World’s Wealthiest Countries Gather to Admit Continued Failure to Address Climate Change



Since the start of the year, meanwhile, the non-profit Oil Change International finds that the U.S. has approved more fossil fuel financing than any other country, furnishing $1.5 billion to four projects. Germany came in second. Both were among the 38 countries signed onto the Glasgow Statement unveiled at the UN climate talks held there in 2021, pledging to end new direct public financing for overseas fossil fuel projects by the end of last year.

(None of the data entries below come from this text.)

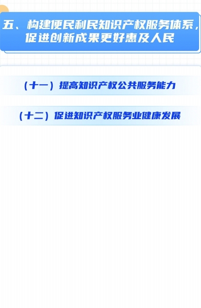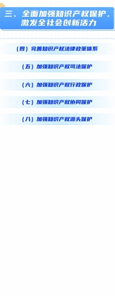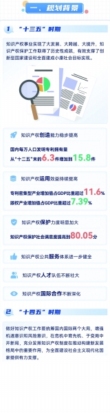 编者按: 国务院日前印发《“十四五”国家知识产权保护和运用规划》(以下简称《规划》)。《规划》明确了“十四五”时期开展知识产权工作的指导思想、基本原则、主要目标、重点任务和实施保障措施,对未来五年的知识产权工作进行了全面部署。本版推出专题,介绍相关内容。 冯 飞 《“十四五”国家知识产权保护和运用规划》为未来五年我国知识产权事业发展绘就了路线图,旨在为知识产权强国建设开好局、起好步。 《规划》明确了“十四五”时期知识产权保护迈上新台阶、运用取得新成效、服务达到新水平、国际合作取得新突破的“四新”目标,以及八项预期性指标。这些指标的设立有何考虑?作为知识产权工作的两个重要环节,知识产权保护和知识产权运用如何实现突破?11月1日,在国务院新闻办公室举行的国务院政策例行吹风会上,上述问题找到了答案。 指标体系 突出高质量导向 《规划》指标体系涉及创造、运用、保护三类八个指标,最重要的特点是体现出知识产权质量和价值导向,这是未来五年我国知识产权工作发展目标的量化体现,对推动和实现知识产权高质量发展至关重要。 国家知识产权局战略规划司司长葛树介绍,《规划》围绕知识产权创造,设置“每万人口高价值发明专利拥有量”“海外发明专利授权量”两个指标。与“十三五”时期相比,“每万人口发明专利拥有量”指标重点突出“高价值”,有利于引导专利从追求数量向提高质量转变。“海外发明专利授权量”指标涵盖《专利合作条约》(PCT)和《保护工业产权巴黎公约》两种申请途径,获得的专利更加全面;同时,从测度申请量转为测度授权量,更能体现创新质量。 围绕知识产权转化运用,《规划》设置“专利密集型产业增加值占GDP比重”“版权产业增加值占GDP比重”“知识产权质押融资登记金额”“知识产权使用费年进出口总额”四个指标。其中,“知识产权使用费年进出口总额”指标不仅体现我国知识产权海外影响力,也体现高质量创新成果引进利用的情况,有利于营造更完善的国际知识产权贸易环境,优化知识产权进出口方式和结构。 葛树介绍,《规划》针对知识产权保护设置“知识产权保护社会满意度”“知识产权民事一审案件服判息诉率”两个指标。其中,“知识产权保护社会满意度”指标反映社会各界对知识产权保护的主观满意程度,有利于引导加强知识产权保护、塑造更优营商环境。 保护体系 构建大保护格局 建设支撑国际一流营商环境的知识产权保护体系,是《知识产权强国建设纲要(2021—2035年)》(下称《纲要》)部署的重点工作。《规划》提出要全面加强知识产权保护,并从完善法律政策体系、司法保护、行政保护、协同保护等方面进行了部署。 “十四五”时期如何推进知识产权保护体系建设?国家知识产权局知识产权保护司司长张志成表示,国家知识产权局将按照《纲要》和《规划》的部署,积极推进知识产权保护体系工程建设。在创新优化保护规则方面,推动商标法修改完善,加快制定商标一般违法判断标准;推进地理标志专门立法;探索数据知识产权保护规则;完善行政保护技术调查官制度等。 健全完善工作体系是建设知识产权保护体系的重要一环。张志成介绍,“十四五”时期,国家知识产权局将严厉打击非正常专利申请和商标恶意抢注等行为,做好源头保护工作;推进跨地区跨部门执法保护协作;有效发挥知识产权保护中心和快速维权中心作用,加强快速协同保护;深入推进维权援助机制建设;深化知识产权纠纷仲裁调解工作;综合运用各种手段构建知识产权大保护工作格局。 “‘十四五’时期,国家知识产权局择优遴选条件具备的地区,开展知识产权保护示范区建设和国家地理标志产品保护示范区建设;同时,深化专利侵权纠纷行政裁决的示范工作,加强知识产权领域信用分级分类监管试点,深化地理标志保护专用标志的改革试点,积极推动把行之有效的改革经验转化为制度机制,提升整体保护水平。”张志成介绍。 权益分配 破解转化难问题 近年来,高校和科研机构专利实施率低的问题比较突出,推进知识产权权益分配改革是激发知识产权转移转化内生动力的重要方式。 国家知识产权局知识产权运用促进司司长雷筱云表示,国家知识产权局从三个方面推进知识产权权益分配改革工作,以解决创新主体和市场主体“不想转”和“不能转”的问题。首先是推动立法赋权。今年6月1日施行的专利法有关条款充分赋予了高校和科研单位知识产权处置的自主权,这可以促进专利的实施和运用。其次是强化政策引导。国家知识产权局会同有关部门相继出台系列政策文件,鼓励完善知识产权转化收益分配机制。再次是开展试点示范。国家知识产权局联合教育部开展国家知识产权试点示范高校的建设工作,首批遴选了清华大学等110所试点示范高校,推动这些学校在知识产权权益分配改革方面先行先试,进一步完善分配政策和激励机制。 “《规划》对推进国有知识产权权益分配改革,完善无形资产评估制度,充分赋予高校和科研院所知识产权处置自主权,推动建立权利义务对等的知识产权转化收益分配机制,完善国有企事业单位知识产权转移转化决策机制作出了一系列重要部署。”雷筱云表示,国家知识产权局将在前期各项工作的基础上,继续做好落实
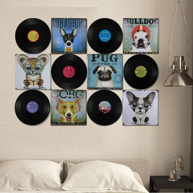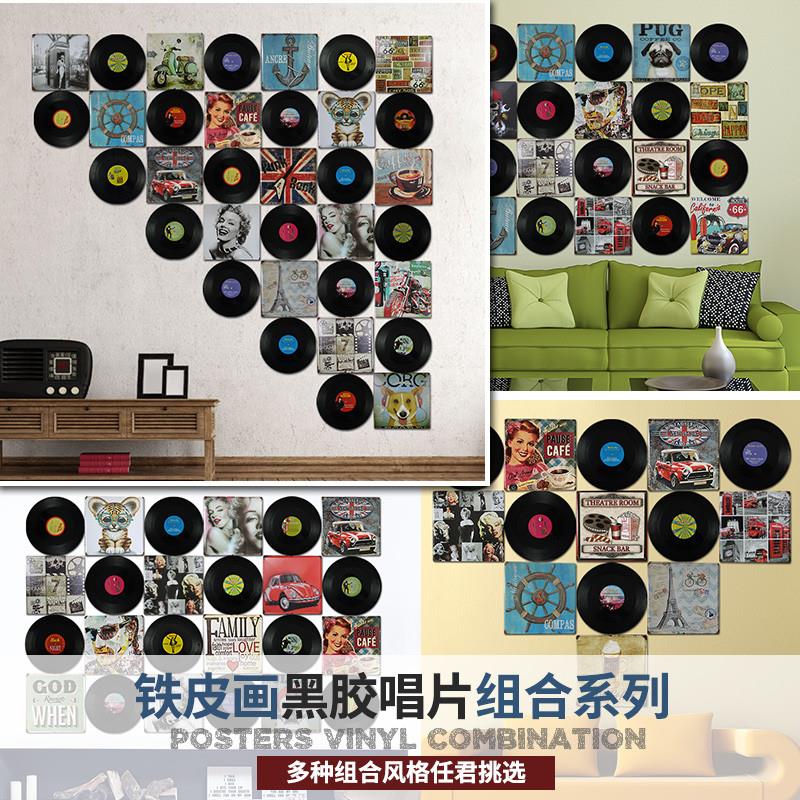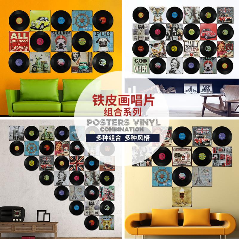 饰品上 店墙饰餐厅墙壁客厅装 新品 复古铁皮画黑胶唱片组合挂件服装
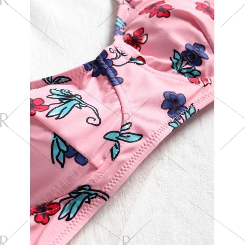 Sweet and sleek. this floral bikini is divided into a halter bra top with knot back closure and sexy V-shaped string briefs. No underwire design with removable sponge pads. Pair it with sunnies and floppy straw hats will look great!
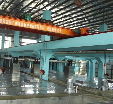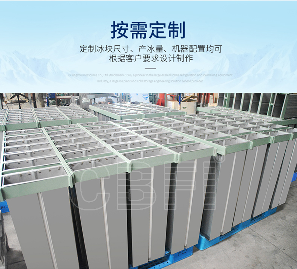 大型土建鹽水冰磚機(jī)即大噸位冰磚機(jī),采用磚石混凝土建筑鹽水池,通常配套大型行車(chē)系統(tǒng)。該種類(lèi)型的鹽水冰磚機(jī)多見(jiàn)于區(qū)域性大型冰磚制造廠(chǎng)。例如馬來(lái)西亞--100噸大型冰磚制冰廠(chǎng)項(xiàng)目 和 馬來(lái)西亞--60噸大型冰磚制冰廠(chǎng)項(xiàng)目 。
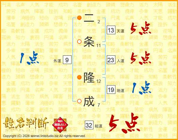 二条隆成さんの総運は32画の5点!

The watchword in elite climate policy-making circles has long been that widespread prosperity—measured in GDP growth—would trickle down into emissions reductions, as countries develop the capacity to get off of fossil fuels or even eliminate emissions from them. Key to that belief was the idea of decoupling emissions from growth: that countries could continue to grow their GDP while releasing fewer greenhouse gasses—so-called “green growth.” While decoupling is indeed happening, researchers Jefim Vogel and Jason Hickel found in a Lancet Planetary Health paper published this week that current rates of decoupling in the wealthier countries they analyzed would take 220 years to reduce those states’ emissions by 95 percent.

Whatever effect ever-growing GDP is meant to have on carbon emissions, it has not made the world’s richest countries more amendable to helping others decarbonize. Economic indicators are not, after all, sentient. Politicians want to grow their favorite sectors as fast as they please. The pre-occupation of U.S. domestic climate policy has been to supercharge power sector decarbonization here with generous incentives for renewable energy, alongside modest tax breaks for other green industries. But growth in one sector won’t de-grow another: as the U.S. nurtures green industry, it’s likely to continue breaking records for domestic oil production. More than likely, that feat will be cheered on by the same administration demanding other countries cut fossil fuels.